Australian Geographic

A TIME TO HEAL

THE SKY WAS PITCH BLACK as the giant Currowan fire roared over Mt Scanzi and down the hill to Tallowa Dam, on the western fringes of Kangaroo Valley, about 180km south-west of Sydney.

It was Saturday 4 January. The fire had already jumped the Shoalhaven River and thundered along the Bugong Fire Trail, destroying properties in its path. It had generated an enormous pyrocumulonimbus cloud that loomed above, and as it tore across the landscape it sent bright red embers flying.
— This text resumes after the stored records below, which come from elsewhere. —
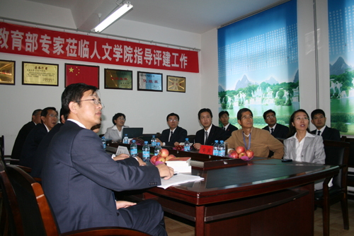 9:00,宋教授对人文社科学院进行了考察指导。院长韩琳教授以PPT形式向专家作了学院评建工作汇报。在随后的交流中,宋教授对学院的工作给予了充分肯定,他指出,学院师生的精神面貌是积极向上、奋发有为的;学院在评估工作中做了大量扎实细致的工作;学院的综合办学实力很强。之后,宋教授又对学院办学质量、学科建设和办学特色等方面提出了建设性的意见。
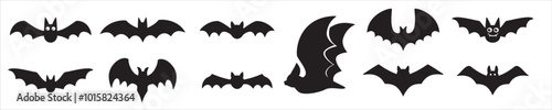 Fototapeta premium Bats silhouette vector set. Halloween bats collection. Scary, spooky, and...
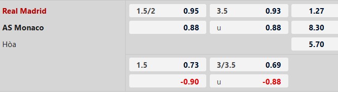 Nhận định kèo châu á Real Madrid vs AS Monaco:
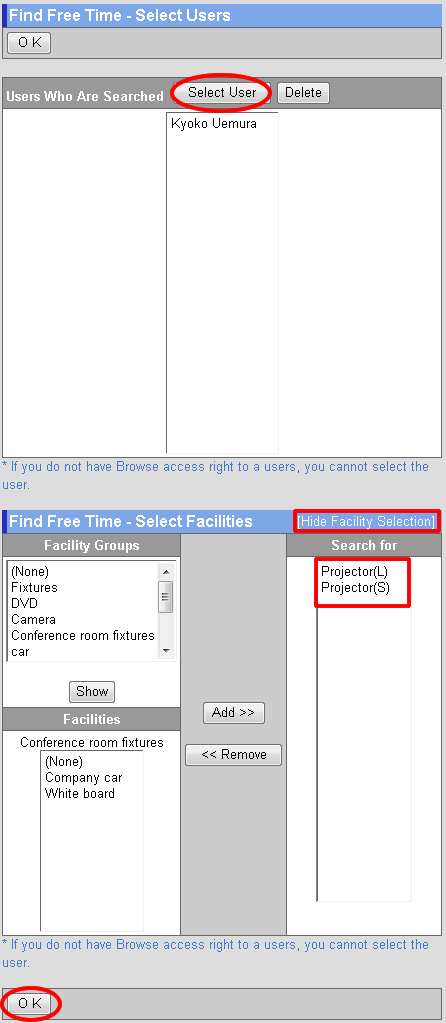 Selected users will be displayed in [Search for] and they can be searched to find their free time in a week.

At about 6pm Alison Baker and Paul Williams, owners of Banksia Park Cottages, an accommodation property overlooking Lake Yarrunga, received text messages from the local Rural Fire Service (RFS) warning they had only 40 minutes to leave. Knowing they were in the fire’s path, Alison and Paul had already decided to bunker down at their neighbours’ fortress-like home. At about 7.20pm, generating an estimated temperature of 1400°C and winds of up to 300km/h, the fire crossed Radiata Road and reached their property.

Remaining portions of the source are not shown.